- Education: National Taiwan University, Harvard School of Public Health
- Scientific career
- Fields: Epidemiology, Obesity prevention
- Workplaces: Columbia University Mailman School of Public Health

= Y. Claire Wang =

Academic

Y. Claire Wang is an associate professor at Columbia University's Mailman School of Public Health. Her research focuses on obesity prevention strategies and techniques, such as soda taxes, and how effective they may be in reducing the economic costs of obesity.

==Research==
Wang's research focuses on trends in consumption of unhealthy foods, as well as energy balance, and the role of both these factors in the etiology of chronic diseases such as obesity and diabetes. Some of her research has concluded that the New York City soft drink size limit would primarily target overweight and obese children and young adults, as well as that children need to reduce their daily calorie intake by 64 calories in order to achieve federal goals for reducing obesity rates Another study authored by Wang concluded that the number of obese adults in 2030 is anticipated to be about 65 million higher than it was in 2011 when this study was published. When these predictions appeared in the Lancet, Wang and her coauthors wrote that "we hope that our dire predictions will serve to mobilise efforts to reduce obesity so that our predictions do not become reality."

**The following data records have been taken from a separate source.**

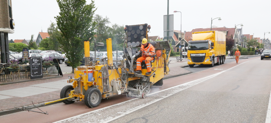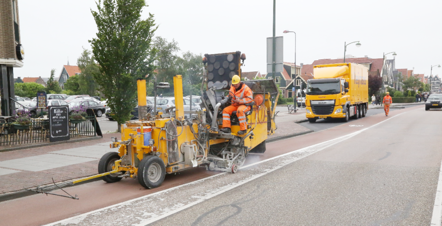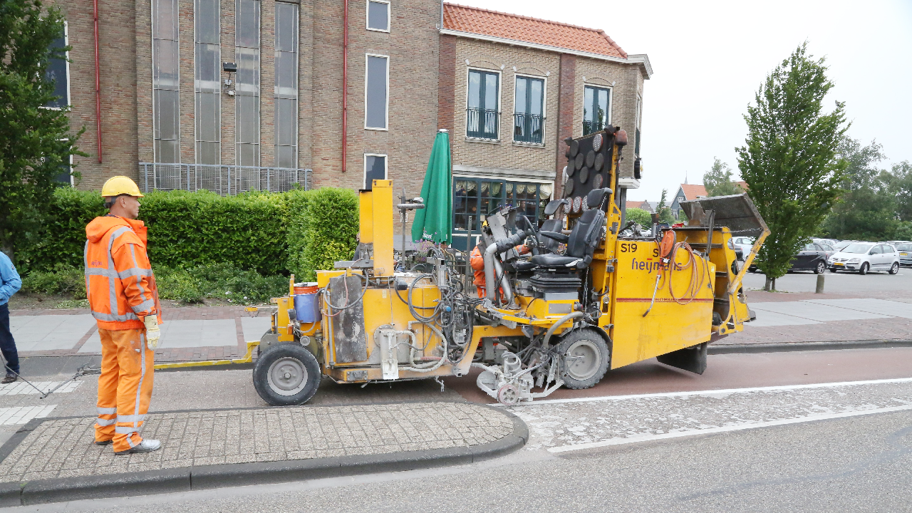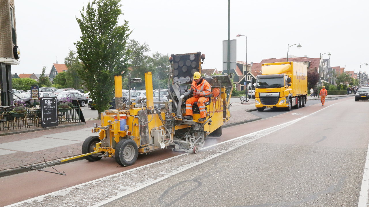 In opdracht van de gemeente worden in heel Edam-Volendam de slechte delen van de belijning op de wegen vernieuwd.
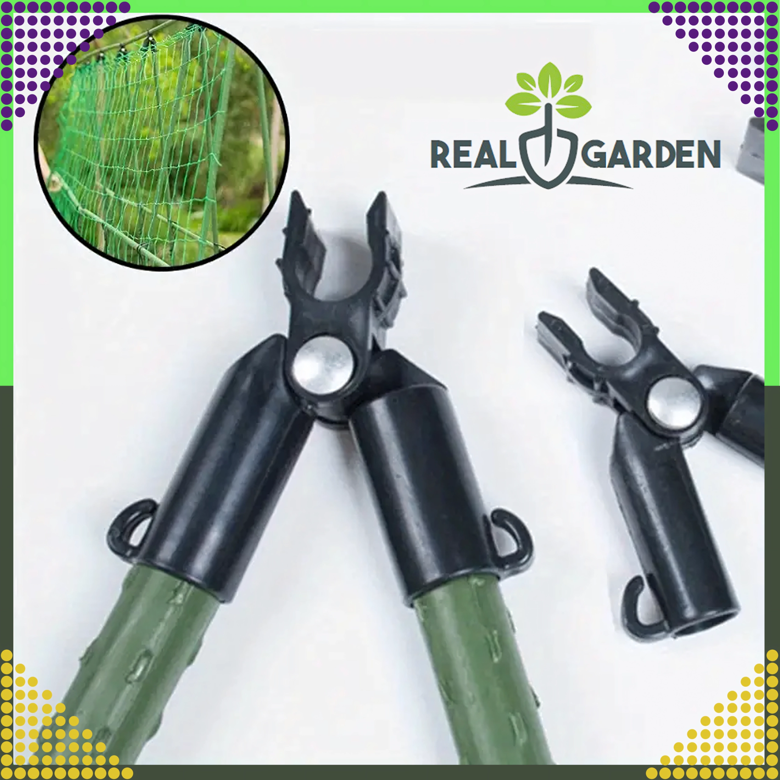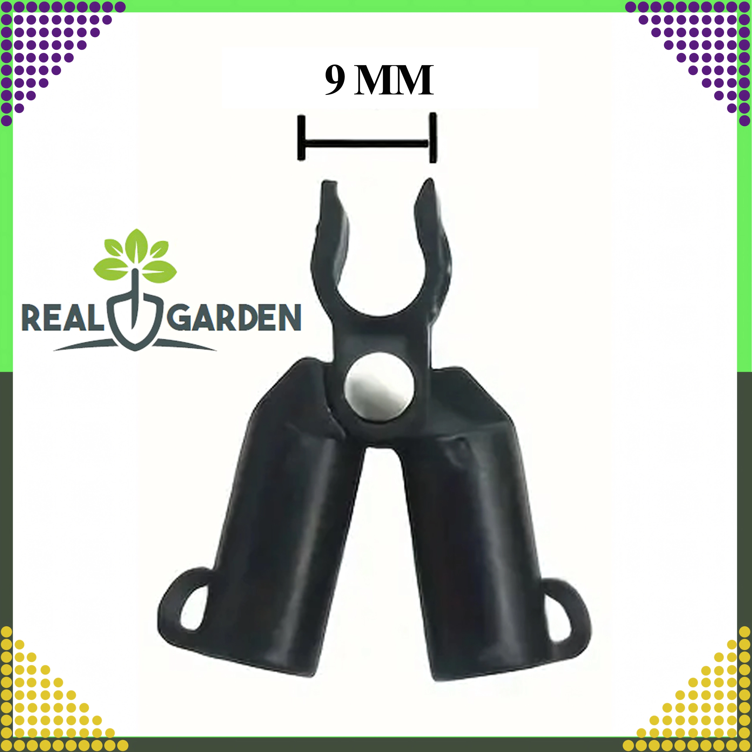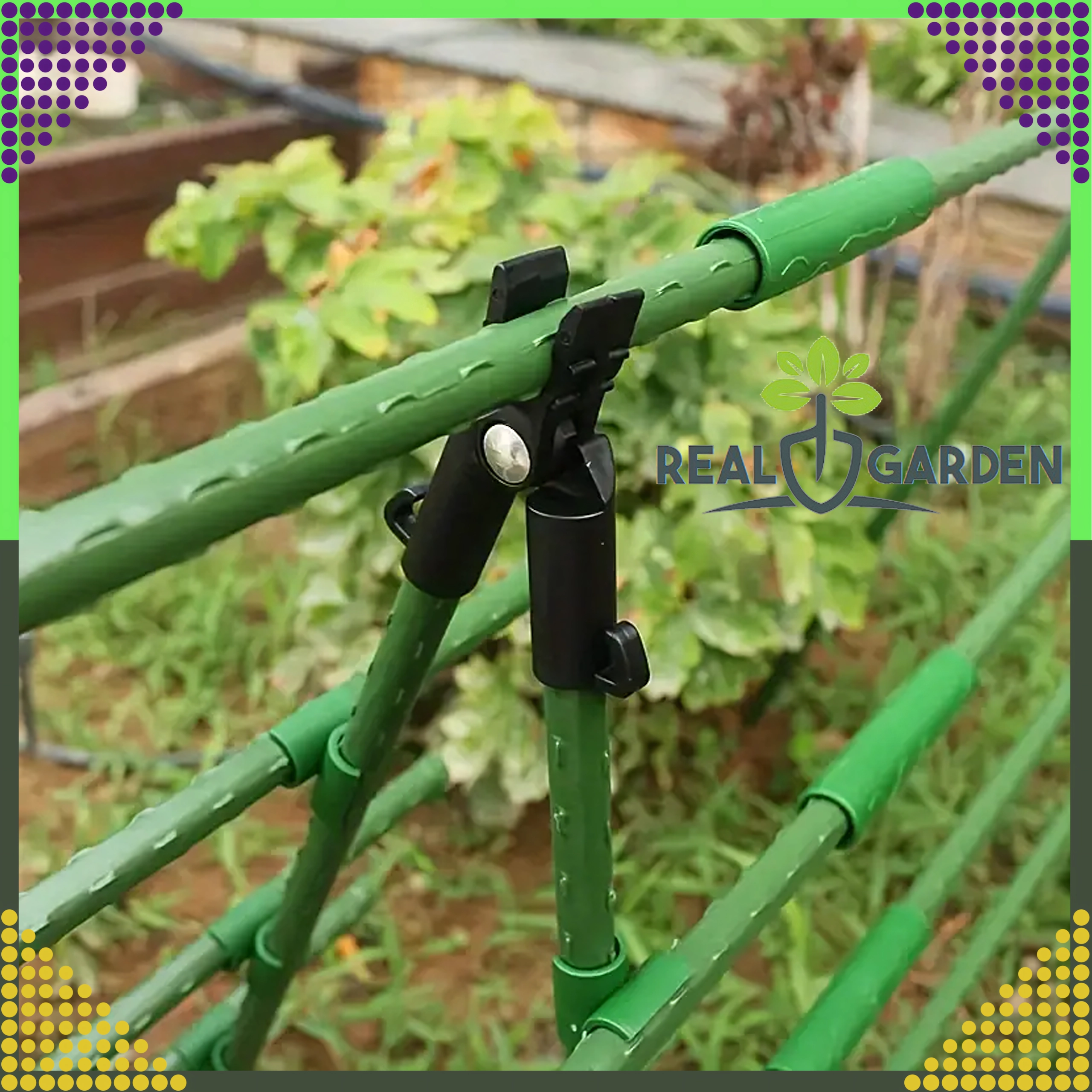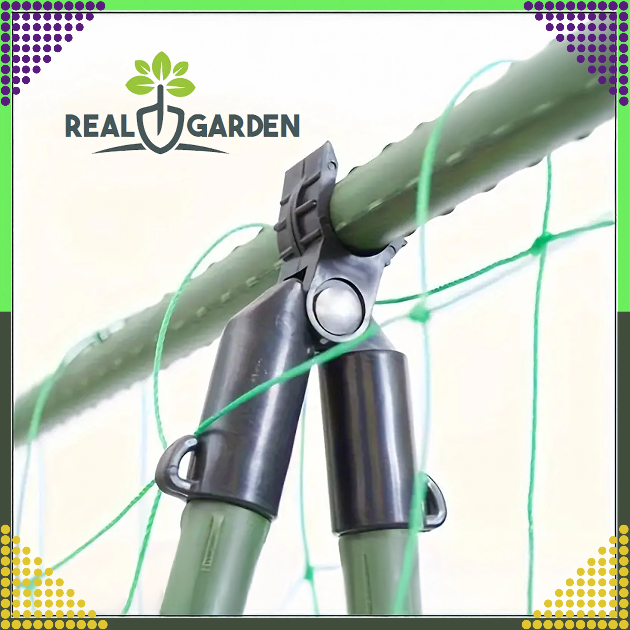 A Real Garden csúcsízületes T‑idom megkönnyíti keretek, A‑vázas szerkezetek és támaszok építését paradicsomhoz, babhoz vagy uborkához. A masszív műanyag és fém elemek kombinációjának köszönhetően stabil kapcsolatot biztosít 9 mm átmérőjű kerti pálcákhoz, és jól bírja a hosszan tartó kültéri használatot.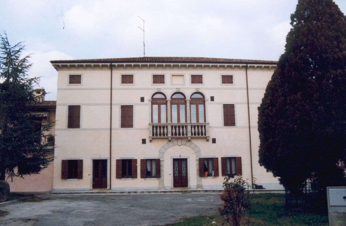 - Descrizione: L'accesso al cortile è segnato da pilastri bugnati a corsi bianchi e grigi; il portale del corpo padronale, ad arco a sesto ribassato, è profilato da conci in pietra lavorata a bugnato.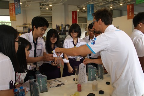 Les lycéens de Nguyên Thi Minh Khai, Lê Hông Phong et Marie Curie ont pu regarder des court-métrages sur les projets de recherche des scientifiques français et vietnamiens de l’Institut de Recherche pour le Développement (IRD) dont les capsules suivantes: ''Matières plastique: des vies sauvages''; ''Transfert de sédiments dans les rivières et impacts sur l’écosystème''; ''collecte et recyclage des déchets dans la ville de Hanoï''; ''Étude du cycle de l’eau et de la matière associée'' et ''Modélisation et simulation à base d’agents de systèmes complexes''.

===Sugar-sweetened beverages===
Wang presented a report to the New York City Department of Health and Mental Hygiene in 2010, which concluded that a penny-per-ounce tax on sugar-sweetened beverages "could potentially prevent ~37,400 diabetes cases within the next decade, saving approximately $1.2 billion dollars in medical costs." In addition, one of her studies argued that such a tax on SSBs would raise about $1 billion per year. She also helped develop the Caloric Calculator, with the support of the Robert Wood Johnson Foundation, which calculates the public health impacts of various obesity prevention strategies, including physical education programs and the decreased use of time by watching TV or playing video games. In January 2012, Wang and her colleagues published a study concluding that a penny-per-ounce soda tax would prevent about 2,600 deaths per year. This study was widely reported on in the media.